WORKING DATA Block Start

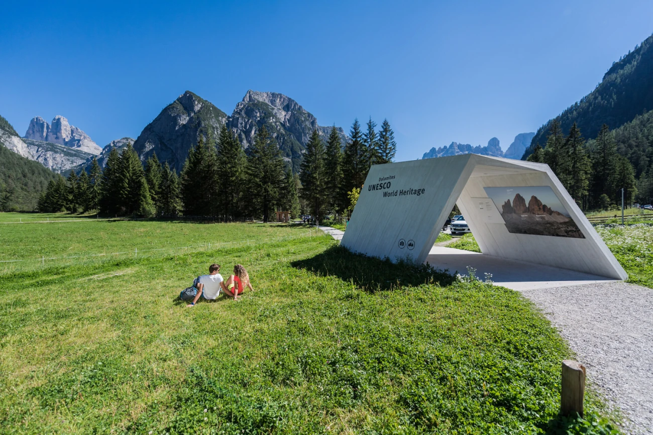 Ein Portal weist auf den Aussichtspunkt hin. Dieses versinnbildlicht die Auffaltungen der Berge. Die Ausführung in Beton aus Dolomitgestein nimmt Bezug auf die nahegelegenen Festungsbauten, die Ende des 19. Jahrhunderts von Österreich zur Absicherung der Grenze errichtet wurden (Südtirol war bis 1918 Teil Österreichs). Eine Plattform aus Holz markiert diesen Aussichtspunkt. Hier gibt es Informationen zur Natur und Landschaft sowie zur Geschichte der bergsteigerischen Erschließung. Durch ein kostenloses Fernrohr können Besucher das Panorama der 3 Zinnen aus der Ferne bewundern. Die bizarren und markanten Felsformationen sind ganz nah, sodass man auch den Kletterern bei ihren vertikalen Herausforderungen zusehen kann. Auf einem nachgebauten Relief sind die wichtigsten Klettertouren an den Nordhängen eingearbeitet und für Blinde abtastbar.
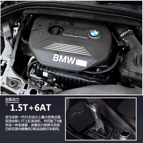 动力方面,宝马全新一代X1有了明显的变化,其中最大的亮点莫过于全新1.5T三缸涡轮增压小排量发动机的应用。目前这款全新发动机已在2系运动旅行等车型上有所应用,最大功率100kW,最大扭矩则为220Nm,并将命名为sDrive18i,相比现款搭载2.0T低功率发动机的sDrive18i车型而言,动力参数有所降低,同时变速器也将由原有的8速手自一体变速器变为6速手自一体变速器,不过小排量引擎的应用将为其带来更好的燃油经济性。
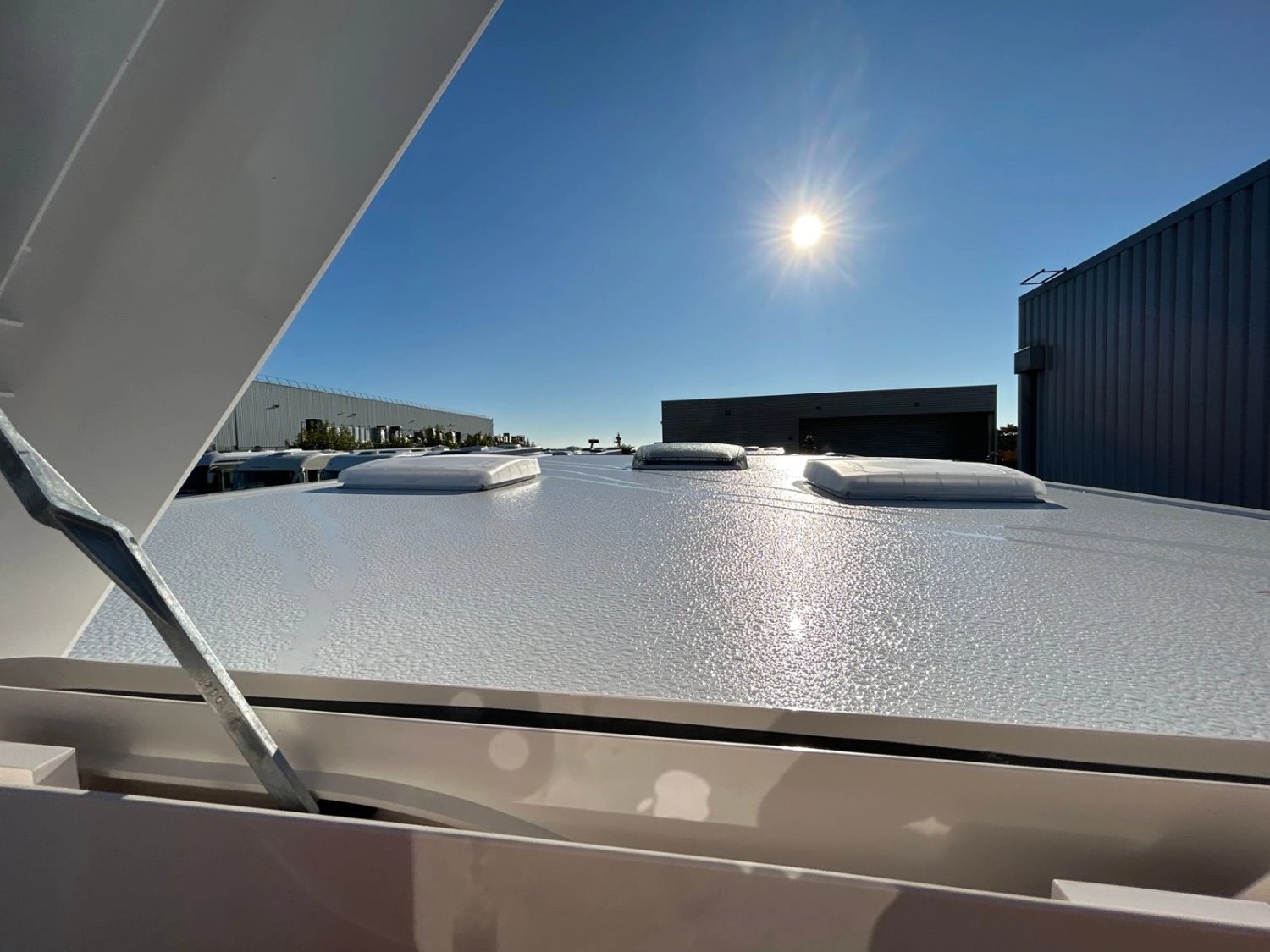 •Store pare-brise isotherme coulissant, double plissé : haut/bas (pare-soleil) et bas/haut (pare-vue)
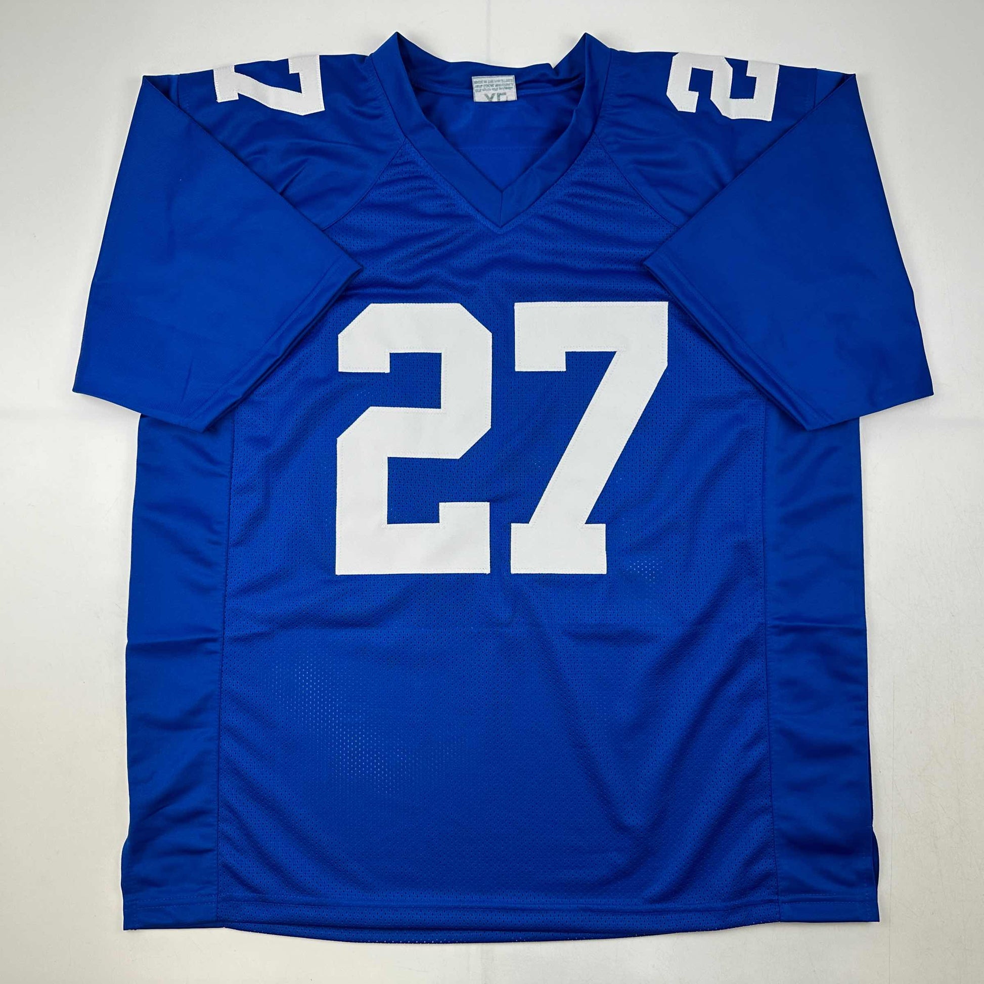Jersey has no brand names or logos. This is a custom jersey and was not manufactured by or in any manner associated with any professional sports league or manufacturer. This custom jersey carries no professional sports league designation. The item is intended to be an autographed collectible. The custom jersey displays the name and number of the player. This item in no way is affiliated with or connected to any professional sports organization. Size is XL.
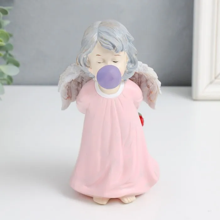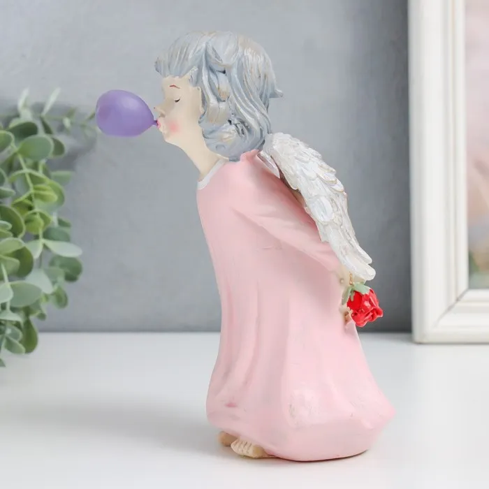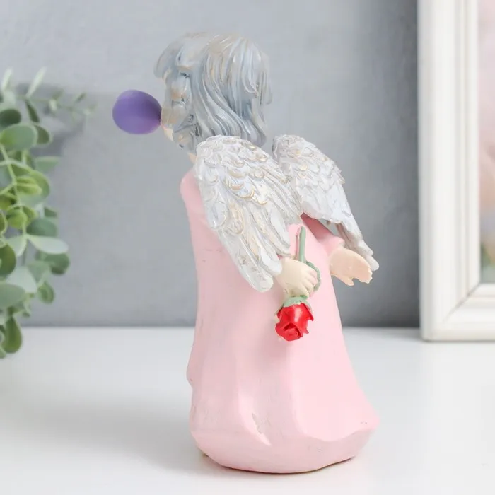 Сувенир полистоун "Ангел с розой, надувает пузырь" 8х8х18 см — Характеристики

WORKING DATA Block End

▸ **YOUR OBJECTIVE**: Repeat nothing but the lines from the one containing "Jersey has no" through the end of the entries, exactly, and skip the pictures.

▸ **PROBLEM SOLUTION**:
Jersey has no brand names or logos. This is a custom jersey and was not manufactured by or in any manner associated with any professional sports league or manufacturer. This custom jersey carries no professional sports league designation. The item is intended to be an autographed collectible. The custom jersey displays the name and number of the player. This item in no way is affiliated with or connected to any professional sports organization. Size is XL.
 Сувенир полистоун "Ангел с розой, надувает пузырь" 8х8х18 см — Характеристики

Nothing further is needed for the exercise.